Start of Input data
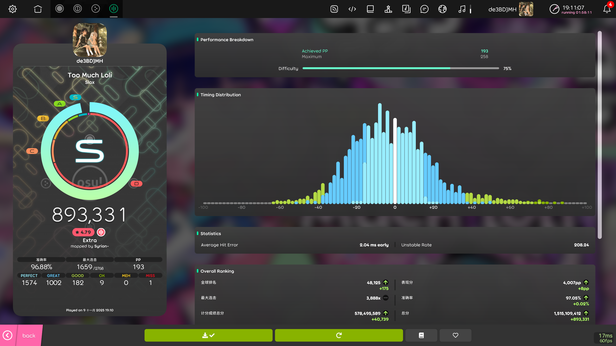 上4000前几天osu大更新了数据,导致成绩都不会更新
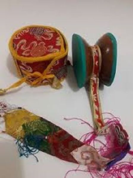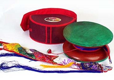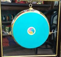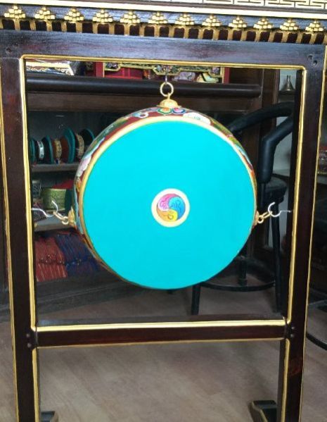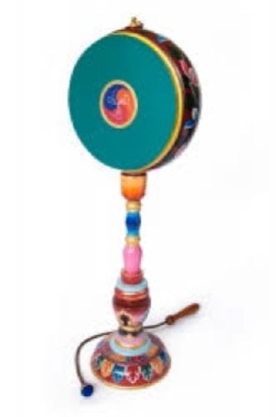 Tibetan Drum are cover by leather skin with turquorise color painted. Drum are available 2 ways- Hand drum & Stand drum.Wooden hand stand drum are available base drum 9 inches to 19 inches dimension because too big size of drum can be heavy and could not hold by hand when use.This hand drum use by tibetan lama when special ceremony held in monastry or other occusation.
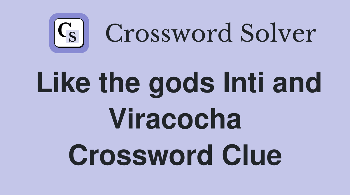 Like the gods Inti and Viracocha Crossword Clue Answers Crossword
End of Input data
▶ [Task to complete]: With all pictures omitted, return the lines from the line containing "Tibetan Drum are" through the closing line of the listing above, exactly and inclusive.

▶ [Exercise answer]:
 Tibetan Drum are cover by leather skin with turquorise color painted. Drum are available 2 ways- Hand drum & Stand drum.Wooden hand stand drum are available base drum 9 inches to 19 inches dimension because too big size of drum can be heavy and could not hold by hand when use.This hand drum use by tibetan lama when special ceremony held in monastry or other occusation.
 Like the gods Inti and Viracocha Crossword Clue Answers Crossword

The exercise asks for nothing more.